In the past month or two I got more and more interested in the Yago project. First this gave me the opportunity to find a really interesting person, the main author of Yago, Fabian Suchanek. I have been impressed by the simplicity (and creating simple things with such complex stuff is certainly the harder task out there) and the coverage of Yago. It was well built and based on solid foundations. It is after downloading it, converting it into RDF, indexing it into a triple store and fixing serialization glitches and semantic relations issues that I really started to appreciate all the work that has been put in that project.

I am now pleased to write about the next version of Yago that has recently been released by Fabian & Co. The papers describing this new version has been published about a week ago (and written by Fabian, Gjergji Kasneci and Gerhard Weikum), and the new data set has been released a couple of days ago. After fixing one last RDF issue with the conversion of the Yago data set into RDF, I am now ready to write something about it.

First of all, what is Yago? Yago is some kind of ontologies. It is a dataset composed of entities and facts about these entities. It describes things such as Abraham Lincoln (entity) is the successor (fact) of James Buchanan (entity). All these entities and facts come from two data sources: Wikipedia and Wordnet. Please read Fabian’s paper to know exactly hat come from where.

Yago has its own representation and logic framework. However, converters exist to convert the Yago dataset into RDF serialized in XML or into other formats. Just to demonstrate how Yago is complete by itself, a query language has been created explicitly to query Yago. However, one can convert the Yago dataset into RDF, index it in a triple store, and query the same information using SPARQL (it is what I have done myself).

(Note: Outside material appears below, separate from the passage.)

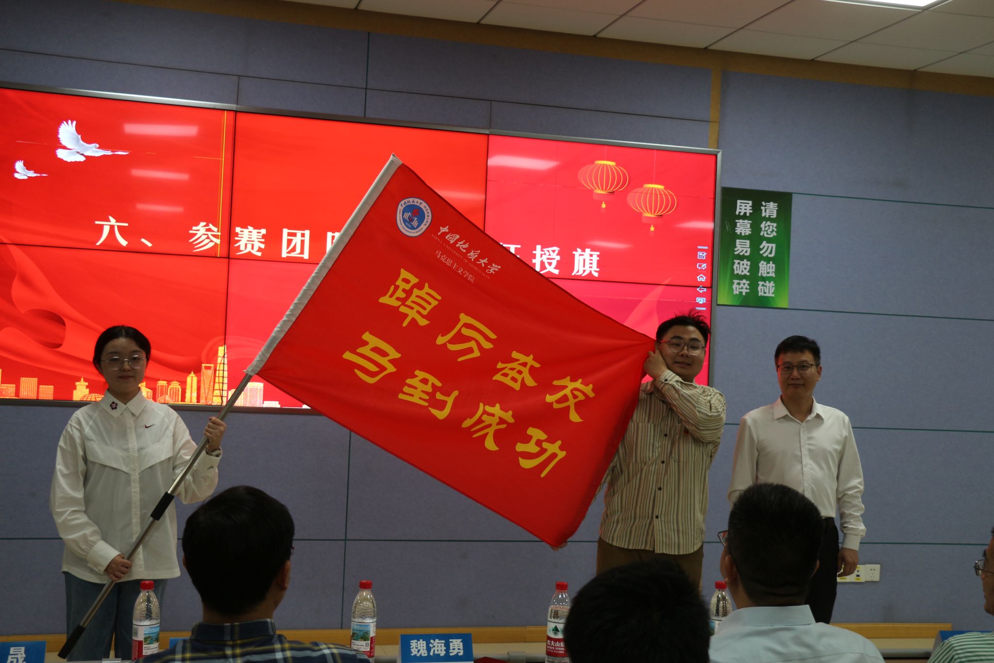 魏海勇为参赛团队代表出征授旗,并作重要讲话。他肯定十大买球官网学生前期在学术科研活动中取得的丰硕成果,强调同学们在后续的各类活动与竞赛中,要将“红色”主题与人工智能等高科技相结合,不断彰显马克思主义学科特色。

To read about these frameworks, and to read about how Yago is working internally, you have to read the presentation paper written by Fabian.

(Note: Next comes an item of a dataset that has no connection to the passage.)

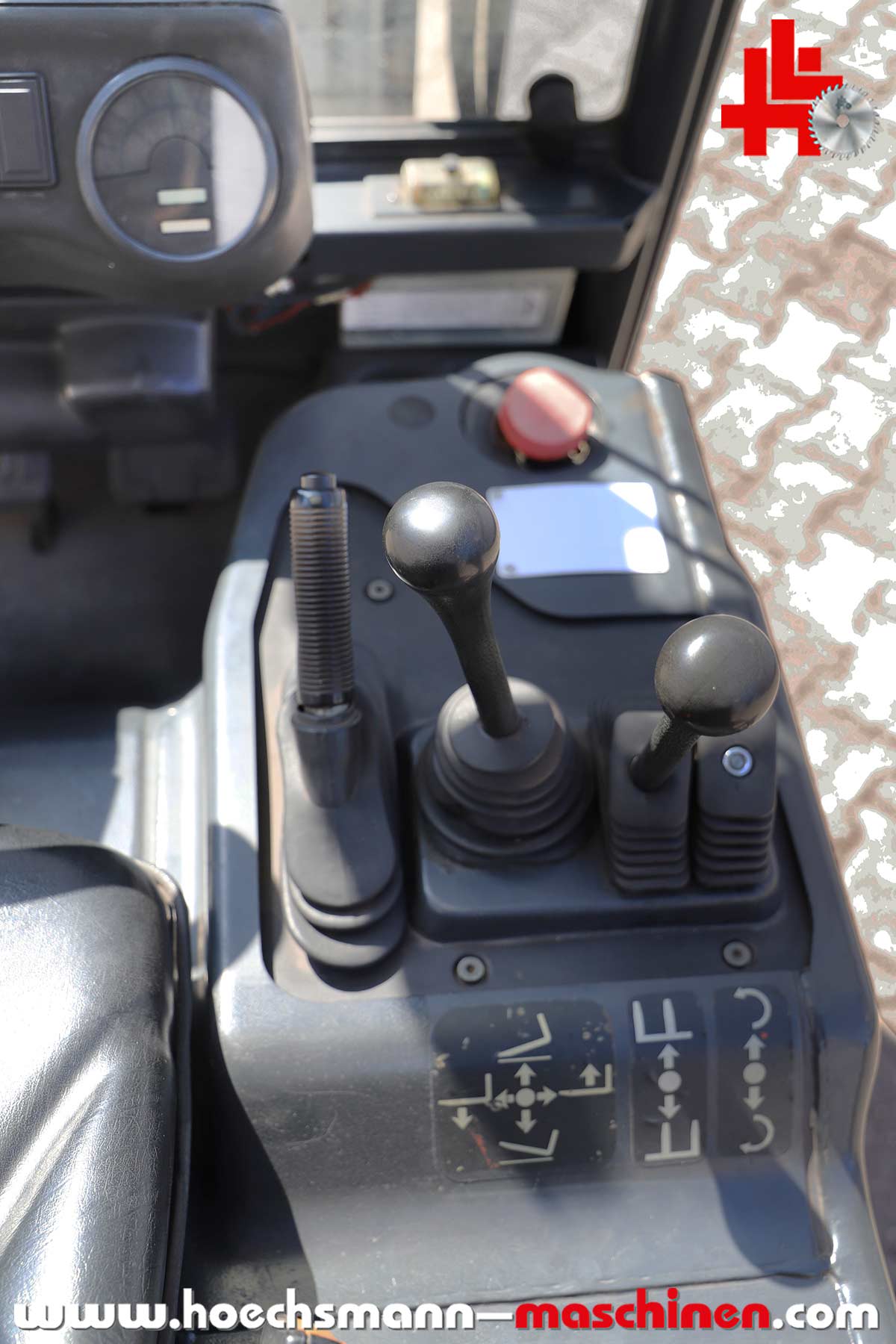 LINDE forklift truck, type E 16, electric drive, built in 1996, clearance height approx. 2.20 m, 1,600 kg nominal load capacity, 2,270 kg empty weight, 48 V batteries approx. 1,100 kg, patented double pedal control (1 forward pedal + 1 reverse pedal), approx. 4.80 m lifting height, triplex mast with 1, 60 m free lift, fork length 1,300 mm, sideshift and mast inclination controllable from the cabin, KAUP sideshift and manual fork adjustment, very good condition with current UVV test

So, what is new with this second version of Yago?

There is about 500 000 additional entities (now counting about 1 500 000 entities in the Yago dataset).

Also, many new predicates have been added in this new version, there is the list of 99 predicates available to build queries:

actedIn, bornIn, bornOnDate, created, createdOnDate, dealsWith, describes, diedIn, diedOnDate, directed, discovered, discoveredOnDate, domain, during, during, establishedOnDate, exports, familyNameOf, foundIn, givenNameOf, graduatedFrom, happenedIn, hasAcademicAdvisor, hasArea, hasBudget, hasCallingCode, hasCapital, hasChild, hasCurrency, hasDuration, hasEconomicGrowth, hasExpenses, hasExport, hasGDPPPP, hasGini, hasHDI, hasHeight, hasImdb, hasImport, hasInflation, hasISBN, hasLabor, hasMotto, hasNominalGDP, hasOfficialLanguage, hasPages, hasPopulation, hasPopulationDensity, hasPoverty, hasPredecessor, hasProduct, hasProductionLanguage, hasRevenue, hasSuccessor, hasTLD, hasUnemployment, hasUTCOffset, hasValue, hasWaterPart, hasWebsite, hasWeight, hasWonPrize, imports, influences, inLanguage, interestedIn, inTimeZone, inUnit, isAffiliatedTo, isCalled, isCitizenOf, isLeaderOf, isMarriedTo, isMemberOf, isNativeNameOf, isNumber, isOfGenre, isPartOf, isSubstanceOf, livesIn, locatedIn, madeCoverFor, means, musicalRole, originatesFrom, participatedIn, politicianOf, produced, publishedOnDate, range, since, subClassOf, subPropertyOf, type, until, using, worksAt, writtenInYear, wrote

Also the converted RDF dump is much, much bigger than the previous one. In fact, the RDF dump that is generated is about 15 gigabytes.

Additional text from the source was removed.